Information supplied:

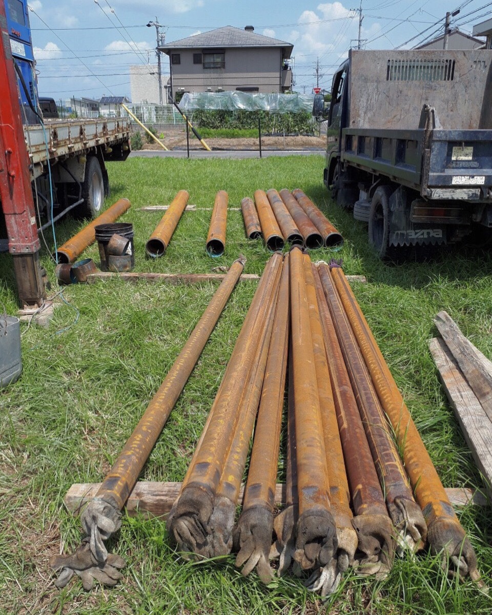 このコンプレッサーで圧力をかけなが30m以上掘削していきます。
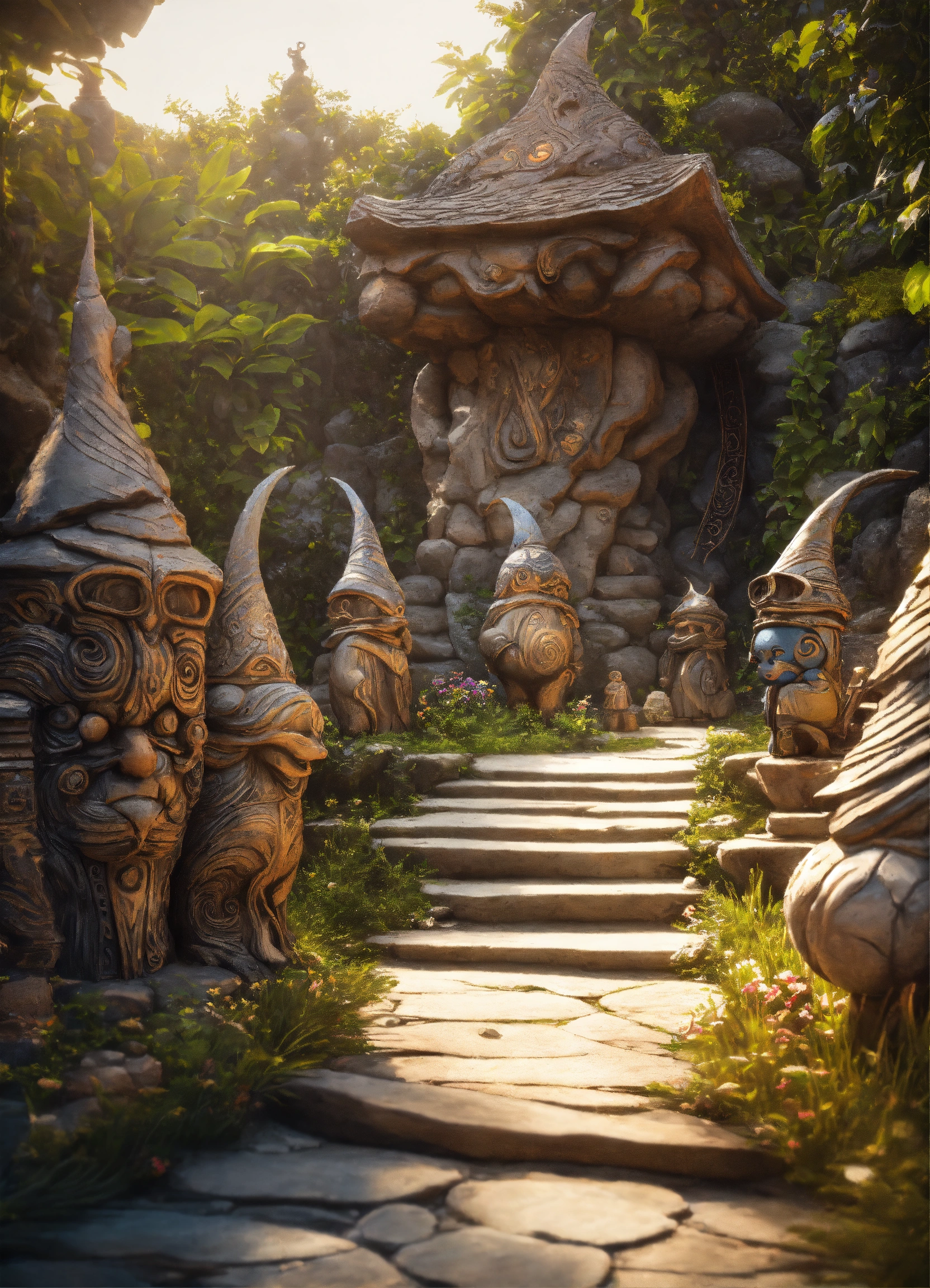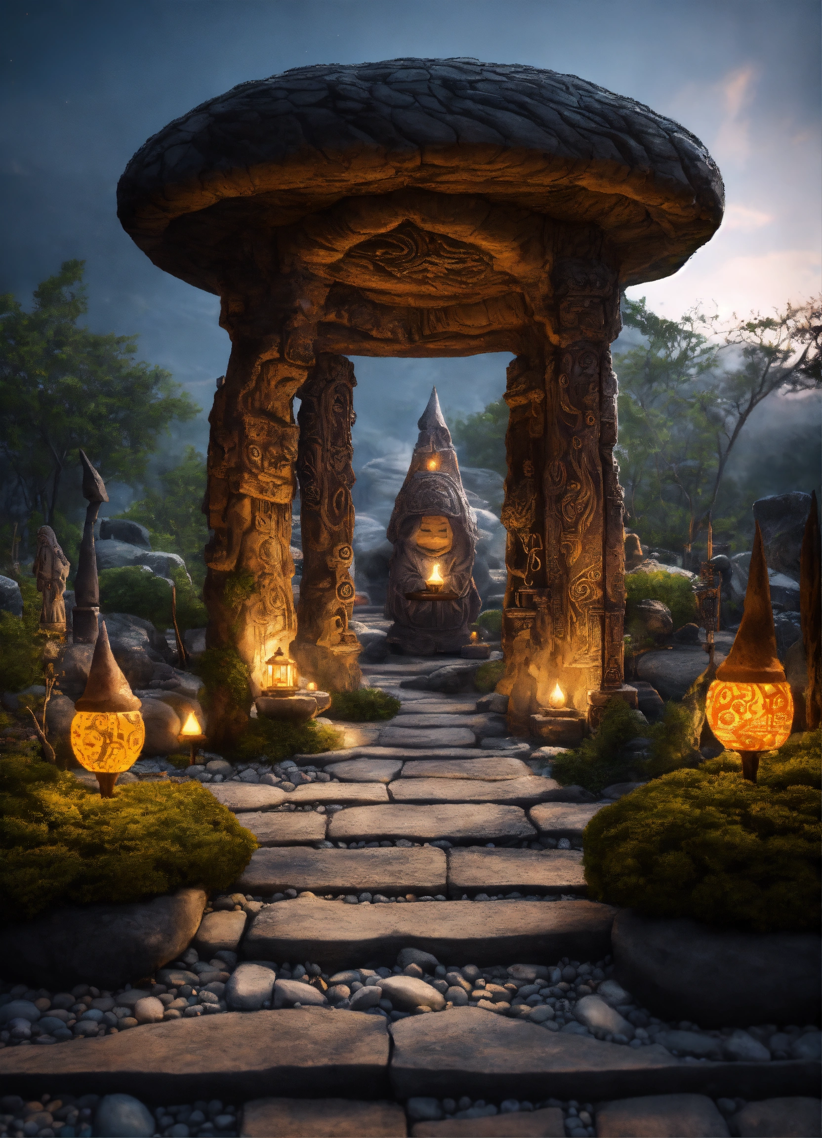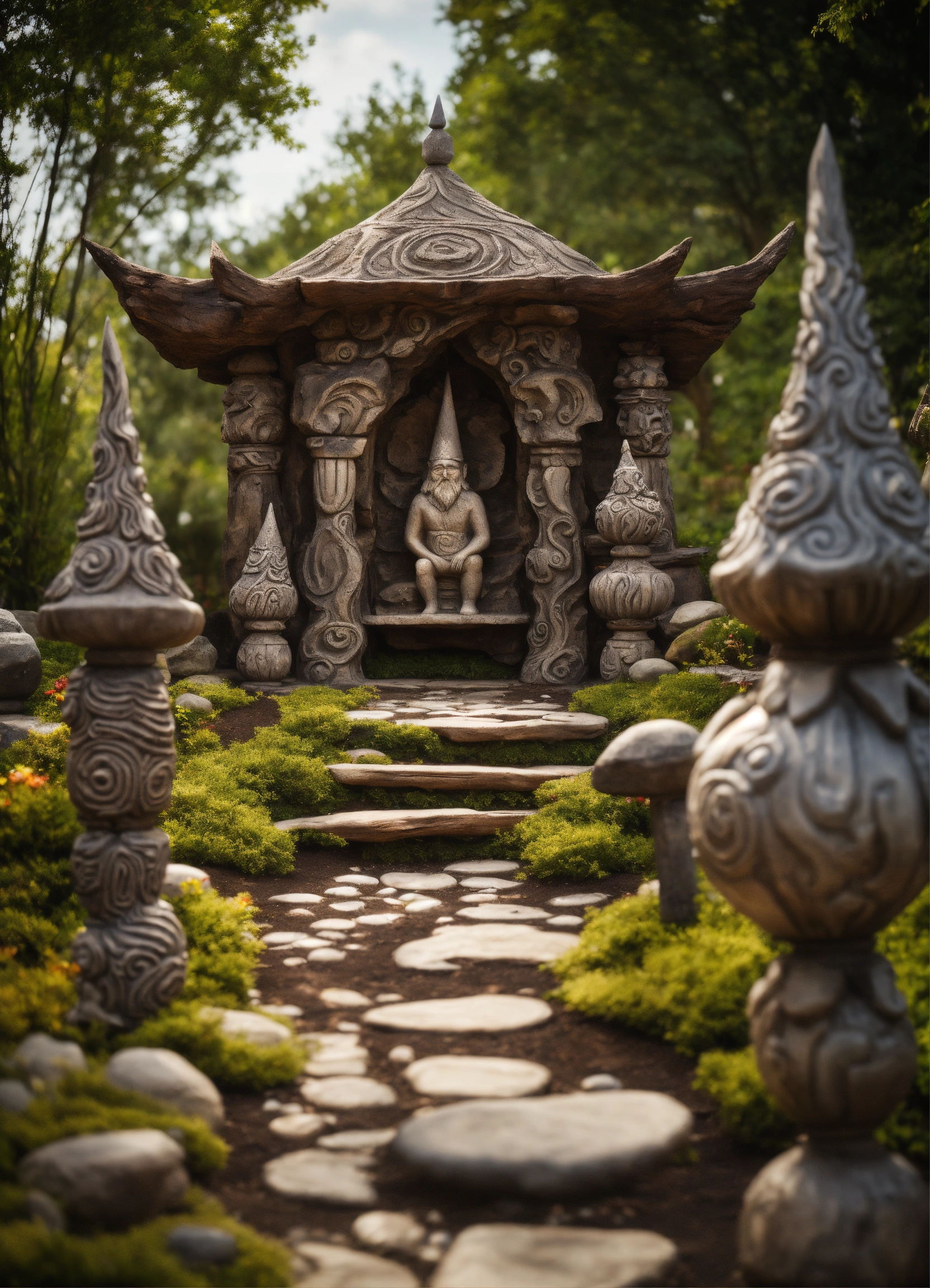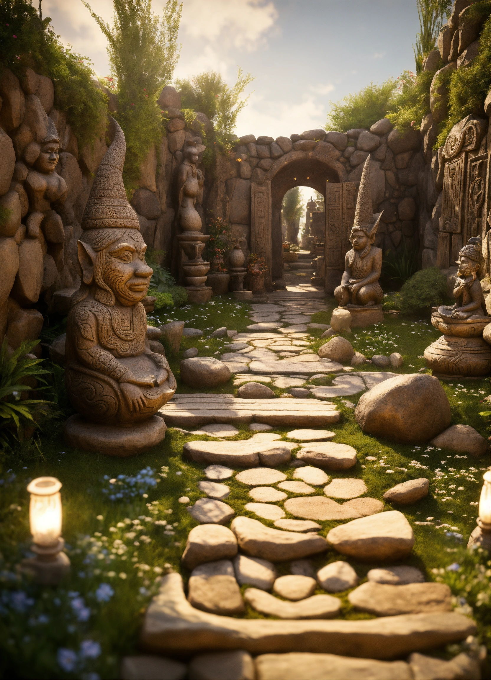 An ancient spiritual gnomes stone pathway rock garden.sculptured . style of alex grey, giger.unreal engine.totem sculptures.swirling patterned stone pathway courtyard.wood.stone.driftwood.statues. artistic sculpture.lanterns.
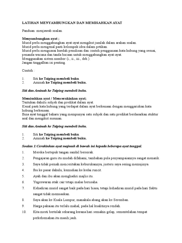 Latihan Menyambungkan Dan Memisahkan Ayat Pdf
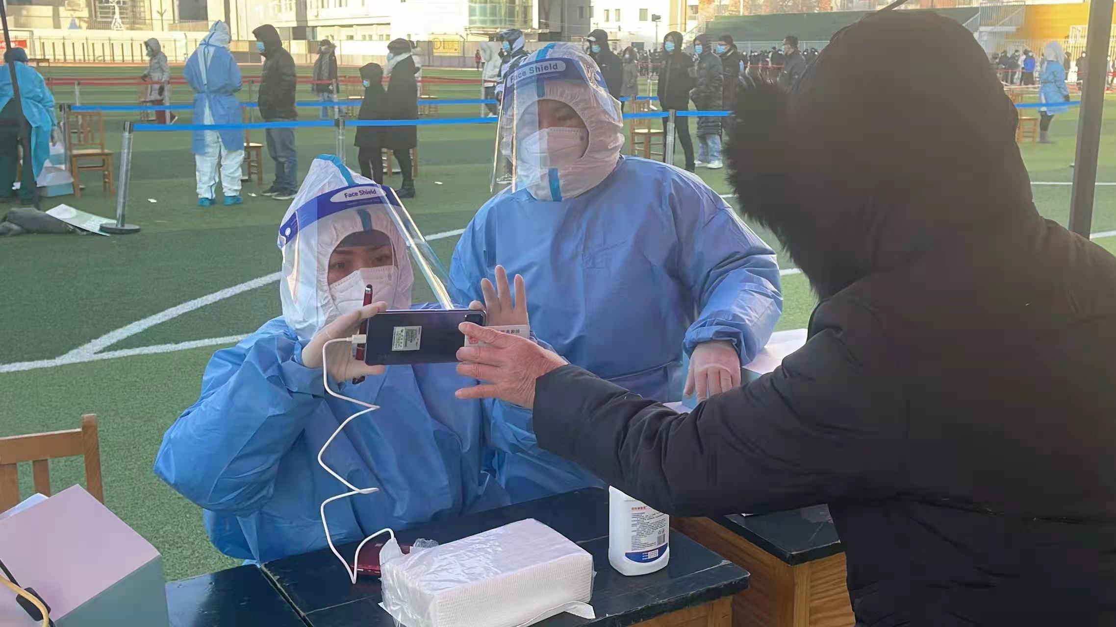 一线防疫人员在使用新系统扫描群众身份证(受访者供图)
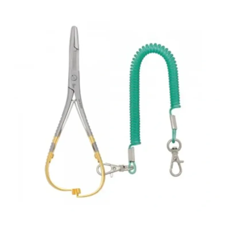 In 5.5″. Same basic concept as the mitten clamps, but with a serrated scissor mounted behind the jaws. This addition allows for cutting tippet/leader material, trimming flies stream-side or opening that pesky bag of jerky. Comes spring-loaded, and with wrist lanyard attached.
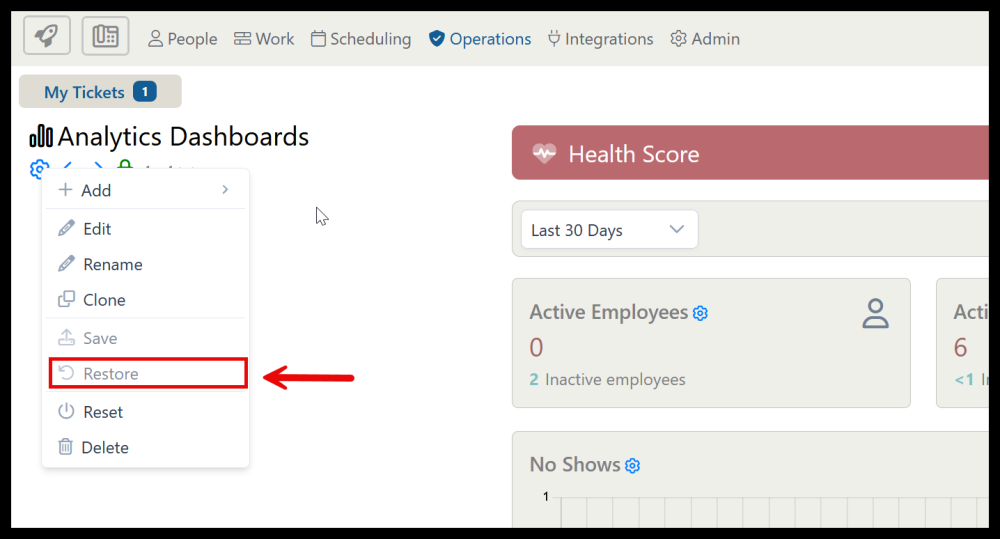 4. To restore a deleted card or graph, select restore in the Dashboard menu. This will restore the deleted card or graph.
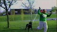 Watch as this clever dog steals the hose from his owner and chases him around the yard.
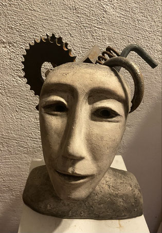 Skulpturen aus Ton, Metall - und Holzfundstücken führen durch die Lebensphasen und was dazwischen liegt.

What the task asks: Only lines belong in the copy, not pictures: write out exactly the lines of the records from the first through the one holding "一线防疫人员在使用新系统扫描群众身份证(受访者供图)".

Response box:
 このコンプレッサーで圧力をかけなが30m以上掘削していきます。
 An ancient spiritual gnomes stone pathway rock garden.sculptured . style of alex grey, giger.unreal engine.totem sculptures.swirling patterned stone pathway courtyard.wood.stone.driftwood.statues. artistic sculpture.lanterns.
 Latihan Menyambungkan Dan Memisahkan Ayat Pdf
 一线防疫人员在使用新系统扫描群众身份证(受访者供图)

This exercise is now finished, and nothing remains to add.